9. Click the Fill tab to see the background color options.

10. Select a color to use for shading the alternate rows of the selected range.

11. Click OK twice to close the dialog box and return to the worksheet.

12. Alternate columns in the selected range, beginning with column one, should now be shaded with the chosen background fill color.

Breaking Down the Formula

Conditional formatting is only applied when the specified condition is true.

In this example, the formula we entered into the conditional formatting dialog box is true when the remainder of the formula is equal to 1.

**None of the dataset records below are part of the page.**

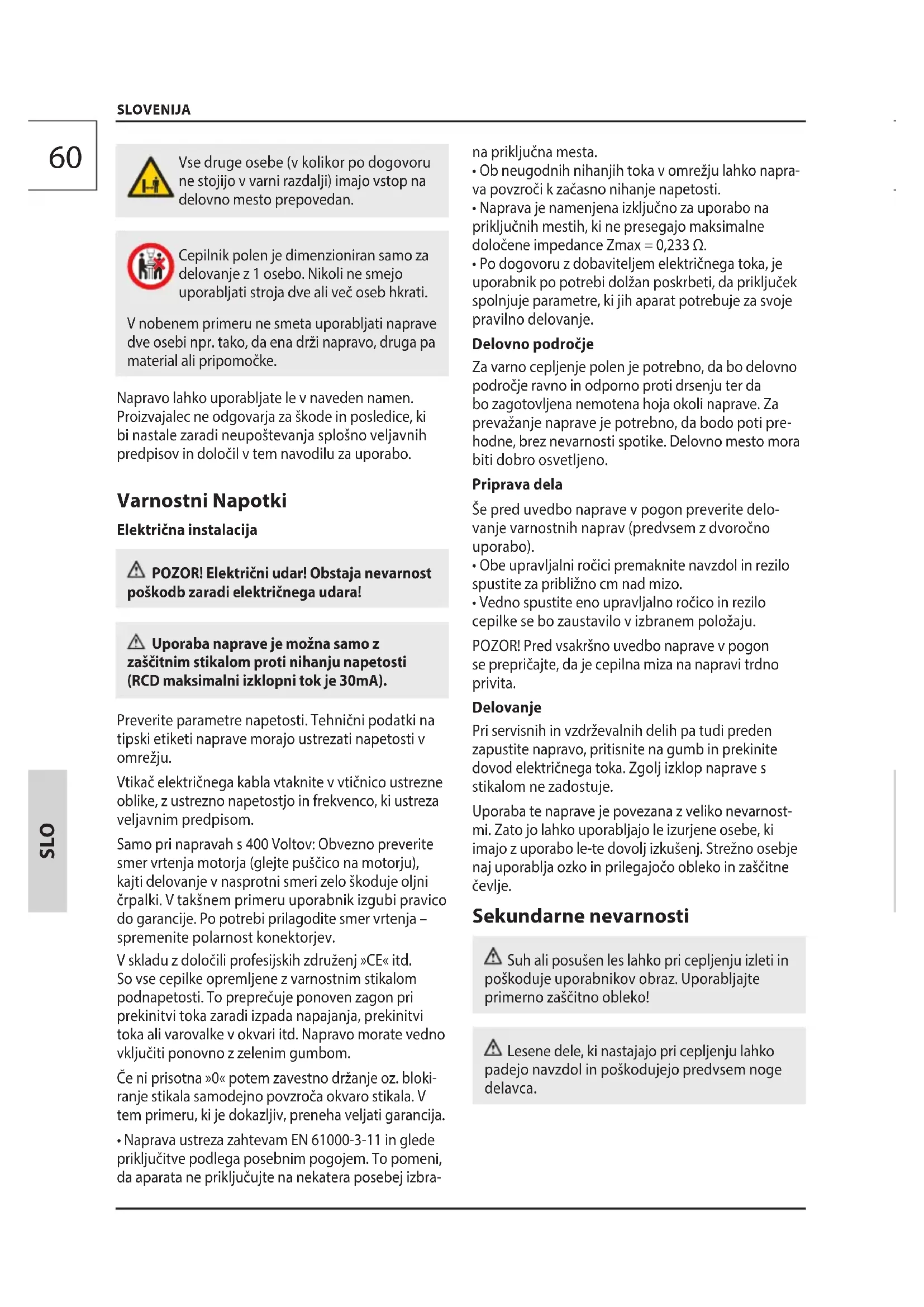 Cepilnik polen je dimenzioniran samo za delovanje z 1 osebo. Nikoli ne smejo uporablji stroja dve ali več oseb hkrati.
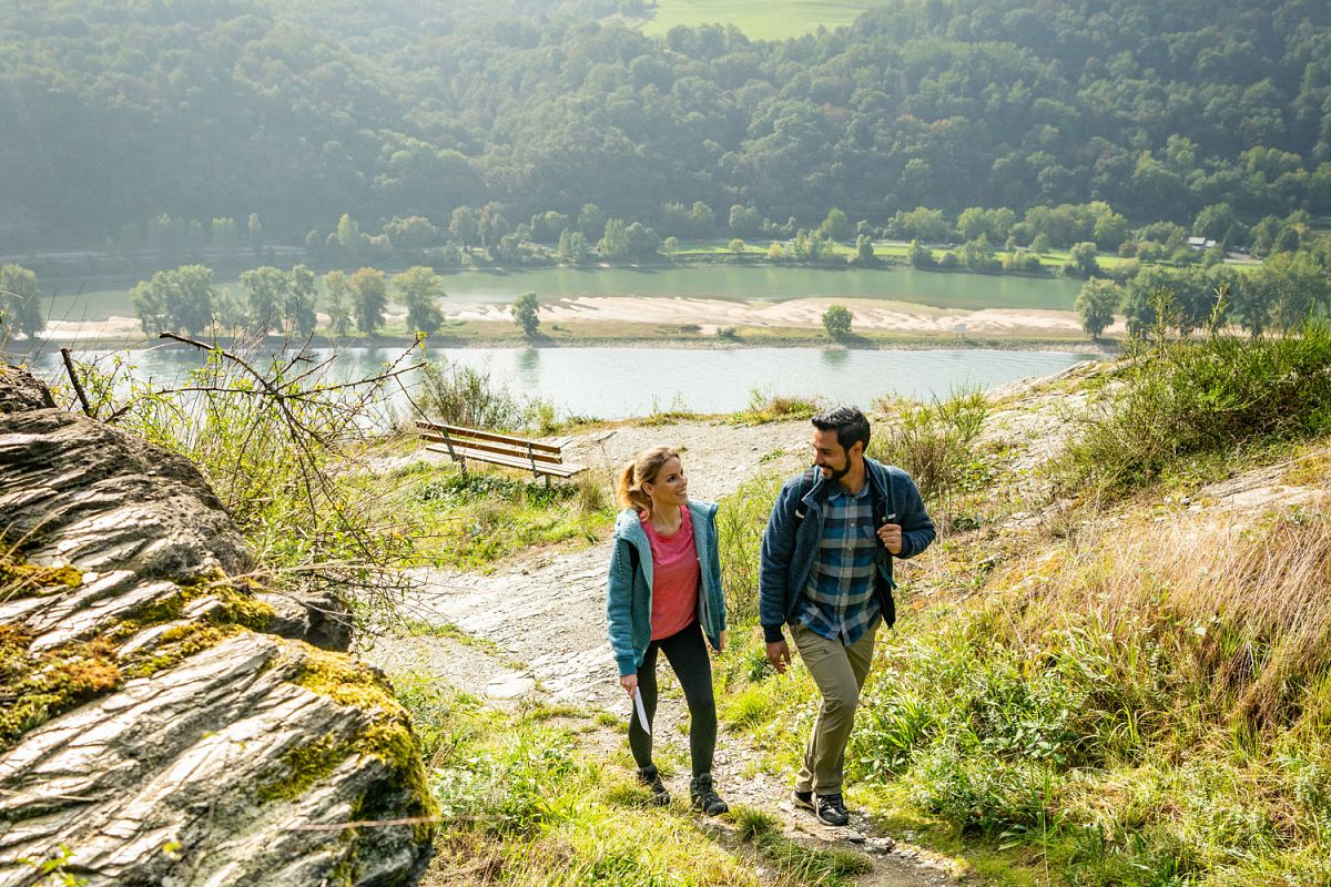 Vom Startpunkt aus führt der Weg durch einen Wald, der streckenweise wie ein Urwald wirkt. Nach einem ersten Anstieg geht es talwärts, wo der Weg eine perfekte Perspektive auf die geschichtsträchtige Marksburg bietet. Der Aufstieg zum Rheinplateau führt zunächst durch blühende Wiesen und später durch einen lichten Wald, der dabei hilft den stressigen Alltag hinter sich zu lassen.
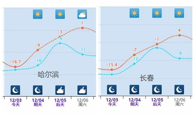 像是哈尔滨、长春,今天最高气温在-15℃左右,明天开始气温一路上扬,6日最高气温将分别达到1℃、4℃,大跨步式上升。石家庄、西安、济南、郑州6日最高气温也能回到15℃或以上,寒意明显减弱。
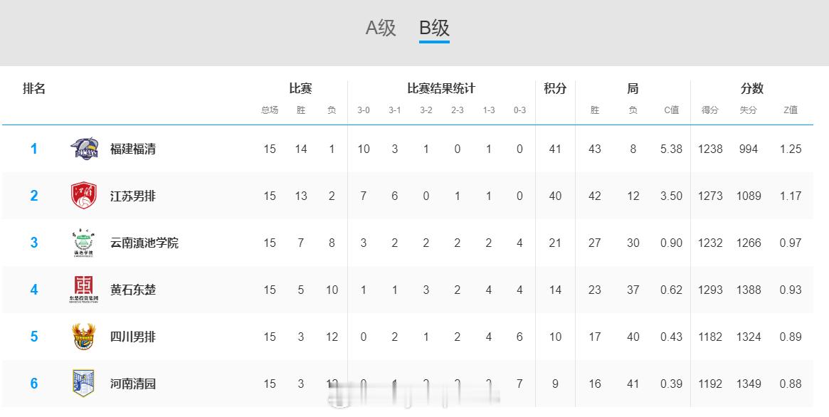 【排超男排联赛升降赛对阵确定】排超联赛 2月1日,男排联赛常规赛结束,参加升降赛的球队和对阵出炉,分别是A级第七浙江、第八辽宁,B级第一福建、第二江苏。升降赛采用主客场制,四支队伍进行交叉赛:B2-A7,B1-A8;采用两场“金局”制。A级队先进行主场比赛。胜者季后赛进入A级比赛,负者进入B级。对阵为浙江vs江苏、辽宁vs福建。

The component parts of the formula are:

• The COLUMN() function gives us the number of each column. For example, column A = 1, column B = 2, column C = 3, and so on

• The MOD() function divides the column number by 2 - determined by the " 2 " in the formula - and checks to see if there is a remainder

• If there is a remainder, the formula checks to see if it is equal to 1

• If it is, then the formula is true, and the formatting is applied (column shading)

• If the remainder does not equal 1, then the formula is false, and the formatting is not applied

Changing the two numbers in the formula allows us to change the shading pattern in the worksheet.

For example, if the formula is written as =MOD( COLUMN( ), 2) =0, the shading will still shade alternate columns, but the shading will begin with column 2 instead of column 1.

Likewise, if the formula is written as =MOD( COLUMN( ), 3) =1, the shading starts with column 1, but every third column will be shaded instead of every second one.